THE DATA
· · · · · · ·

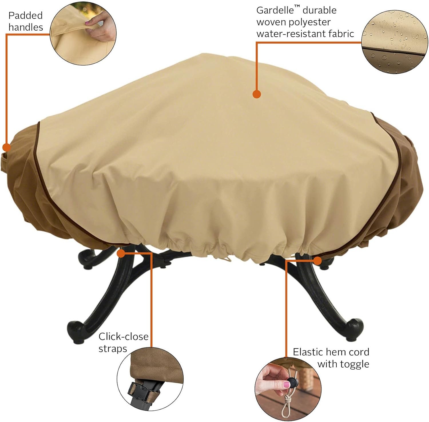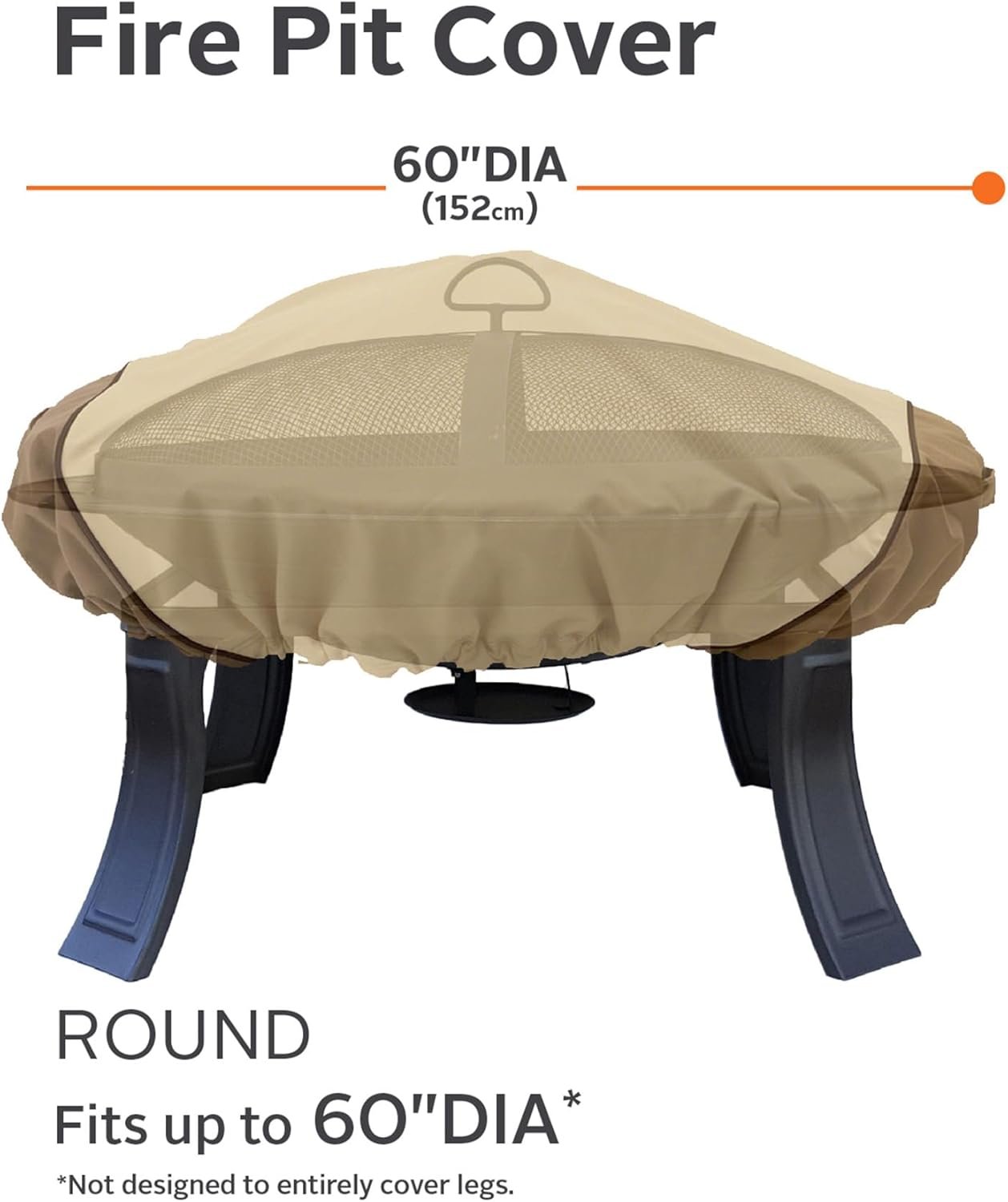 Protect your outdoor fire pit with the Classic Accessories Veranda Water-Resistant 60 Inch Round Fire Pit Cover, designed to fit fire pits up to 60 inches in diameter. This durable cover features Gardelle Fabric with a water-repellent top, splash guard skirt, and air vents to prevent condensation and wind lofting. Easy to use with padded handles, adjustable elastic hem, and secure click-close straps, it offers reliable protection and a perfect fit. Backed by a three-year limited warranty, it’s a top choice from the trusted Classic Accessories Store for keeping your patio furniture looking great year-round.
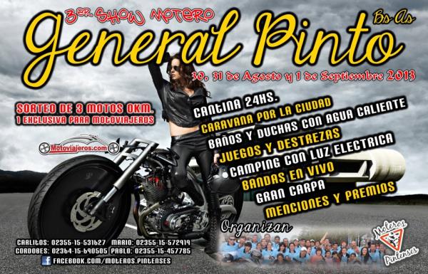 motoencuentro a realizarse los dias 30 - 31 de agosto y 1 de septiembre organizado por moteros pintenses.. habra shows en vivo, juegos, caravana por la ciudad, sorteos y demas, los esperamos para pasar 3 dias geniales!
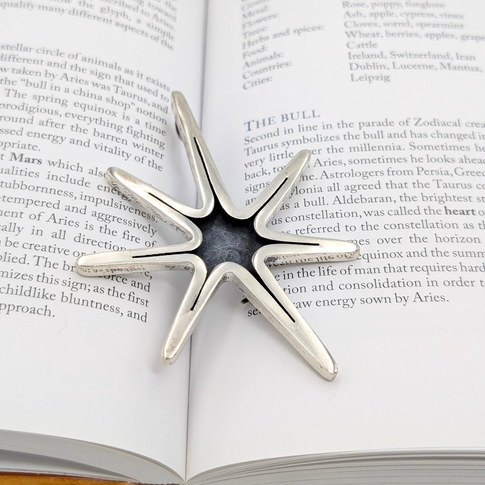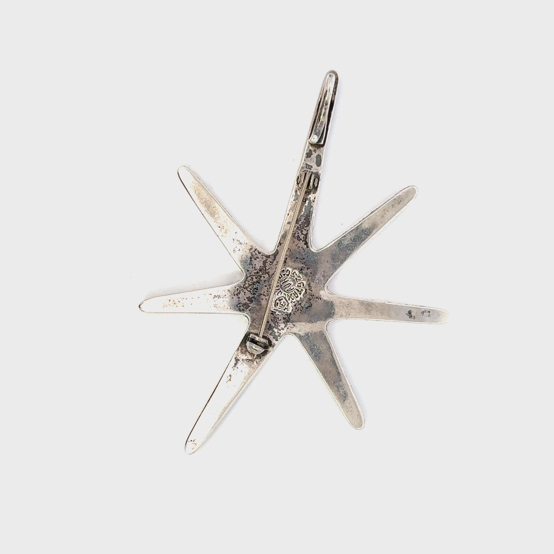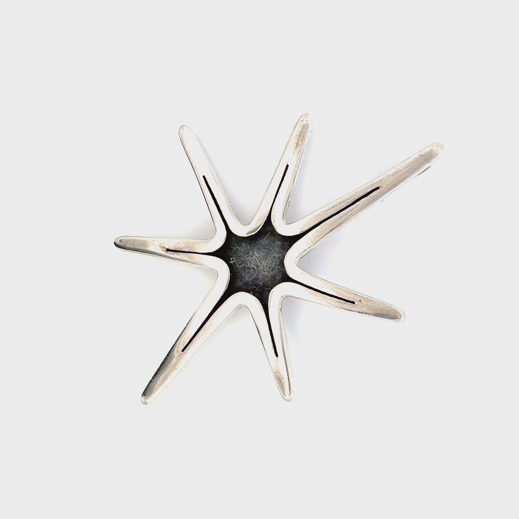 Crafted in solid Sterling Silver, it features the iconic starburst silhouette with elongated sculptural rays radiating from a contrasting center. Some original tarnish and patina have been intentionally left in place to highlight the authenticity and age of this remarkable piece, giving it rich vintage character and preserving its storied history.

· · · · · · ·

PROBLEM REQUIREMENTS
Word for word, return the listing above; the pictures do not belong in the copy.

WRITTEN REPLY
 Protect your outdoor fire pit with the Classic Accessories Veranda Water-Resistant 60 Inch Round Fire Pit Cover, designed to fit fire pits up to 60 inches in diameter. This durable cover features Gardelle Fabric with a water-repellent top, splash guard skirt, and air vents to prevent condensation and wind lofting. Easy to use with padded handles, adjustable elastic hem, and secure click-close straps, it offers reliable protection and a perfect fit. Backed by a three-year limited warranty, it’s a top choice from the trusted Classic Accessories Store for keeping your patio furniture looking great year-round.
 motoencuentro a realizarse los dias 30 - 31 de agosto y 1 de septiembre organizado por moteros pintenses.. habra shows en vivo, juegos, caravana por la ciudad, sorteos y demas, los esperamos para pasar 3 dias geniales!
 Crafted in solid Sterling Silver, it features the iconic starburst silhouette with elongated sculptural rays radiating from a contrasting center. Some original tarnish and patina have been intentionally left in place to highlight the authenticity and age of this remarkable piece, giving it rich vintage character and preserving its storied history.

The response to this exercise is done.